One of our clients, a British company with two employees in Barcelona contacted us a couple of weeks ago saying the employees were not happy with the payroll service and could we change to XXX or YYYY company both based in Barcelona.
I contacted our payroll partners in Spain (in Madrid) and they expressed amazement as they had never heard the slightest complaint. I contacted the client and said that we would fully cooperate with the transfer but for the record what was the problem?

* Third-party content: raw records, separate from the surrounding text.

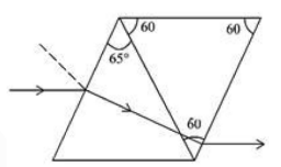 Two prism made of material of same refractive index and having angles of the prism 65° and 60° respectively are combined to form a glass block as shown. If for any ray passing across the block the minimum angle of deviation in 3° then refractive index for the material of the prism is |
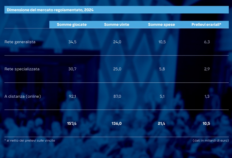 Il mercato regolamentato gestito all’interno di concessioni statali ha registrato nel 2024 oltre 157 miliardi di euro di giocate, restituendone 136 in vincite. La dimensione effettiva del mercato in termini economici è stata pertanto di 21,4 miliardi di euro, dei quali 10,5 (19%) destinati all’erario in forza dei differenti sistemi di imposizione fiscale sulle attività di gioco (al netto dei diversi prelievi sulle vincite dei giocatori); in confronto al 2023 la raccolta complessiva è aumentata di quasi il 7%, a fronte di un aumento della spesa di oltre il 2%, generando tuttavia una riduzione dei prelievi sui giochi di circa il 4% in ragione dei differenti modelli fiscali attualmente adottati. Rispetto ad una spesa del 49,1%, i prelievi erariali nella Rete generalista sono stati pari al 60%. Nell’Online a fronte di una spesa del 23,8% i prelievi erariali sono stati il 12,4%. Nelle sale specializzate le somme spese sono state il 27,1%, le entrate erariali sono state il 27,6%.
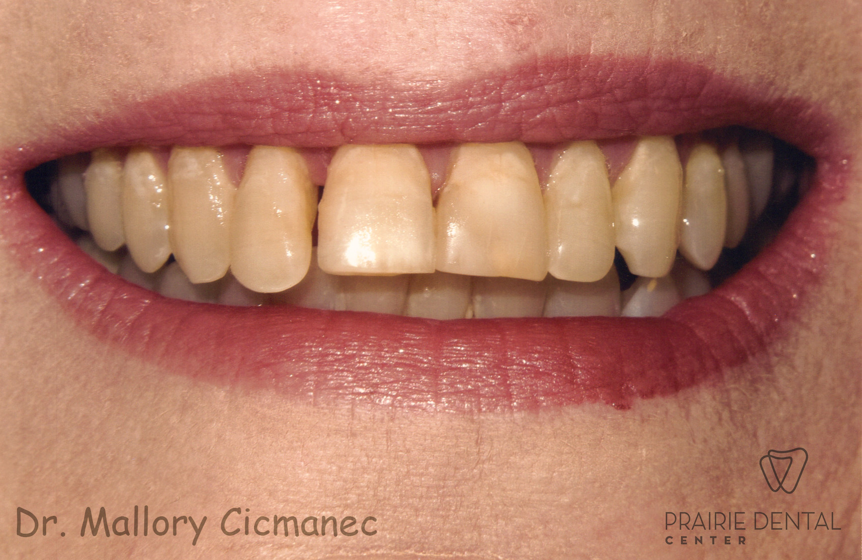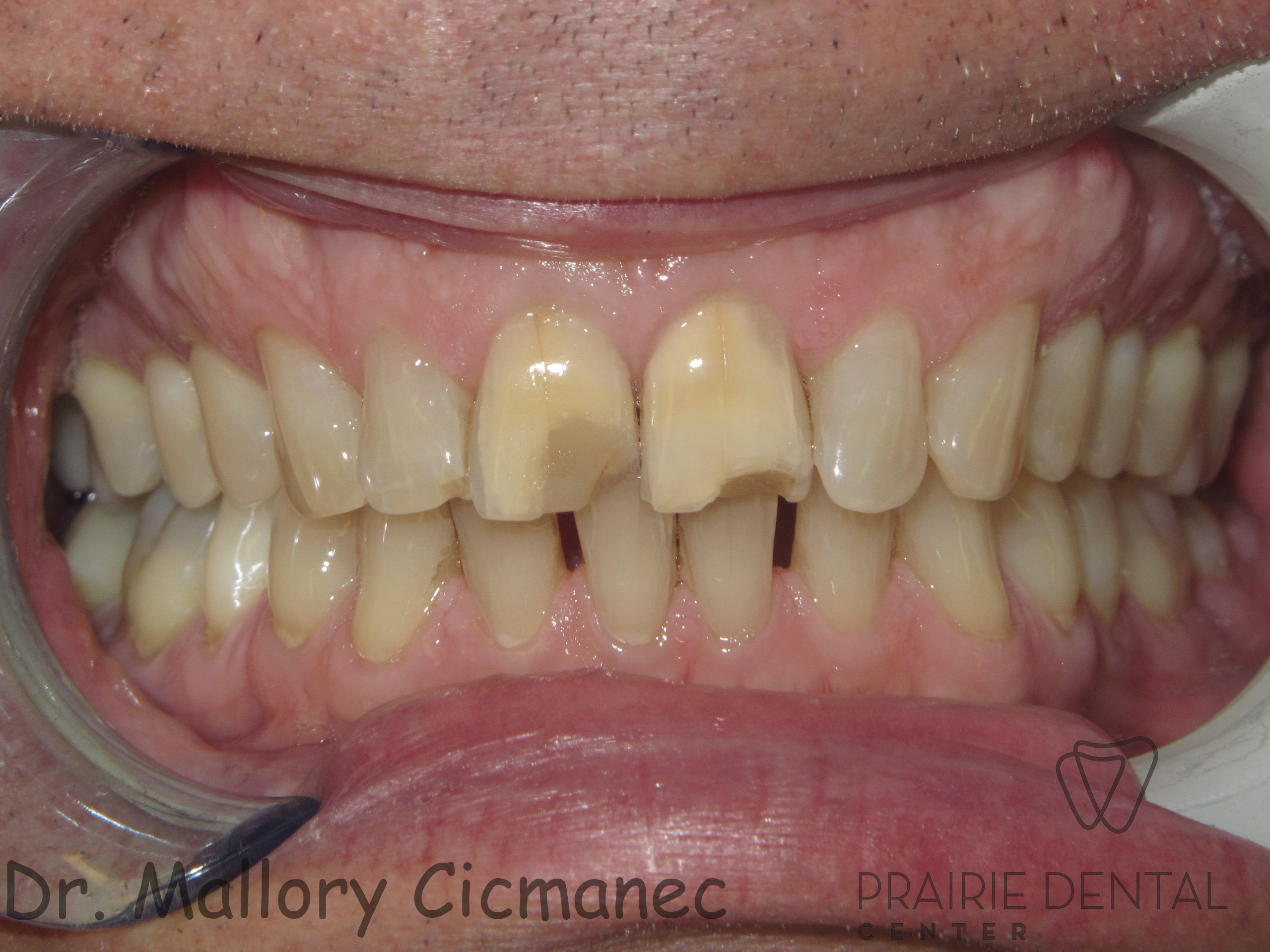 Conservative restorations on teeth #7–10 to repair damage and enhance the appearance of the front teeth.

I received an e mail saying
“On further investigation my end, it would appear that the main driver for a change is more political. Our Barcelona employees would like the payroll to be completed and executed in Barcelona (Catalunya) rather than in Madrid or anywhere outside Catalunya.”
and
“My colleagues do seem very sensitive to the political position! I am a little annoyed that they originally used service issues as a cover. It was only when I pushed for real examples and then floated your alternative provider that the truth came out. I am sorry if this caused any disruption with the present firm.”
I said to the client that
“It reminds me …when I was in a telecoms company we got the same problem after the Soviet Union broke up. People in Azerbaijan, Estonia, Ukraine, Georgia etc. wanted their telecommunications messages to be routed through switching centres in …Frankfurt, Karachi, Vienna, Delhi – didn’t matter as long as it wasn’t Moscow. We said “A telecommunications message is a bit of electronics – it doesn’t know where it is being routed…” but it didn’t matter. If it touched Moscow we lost the business“.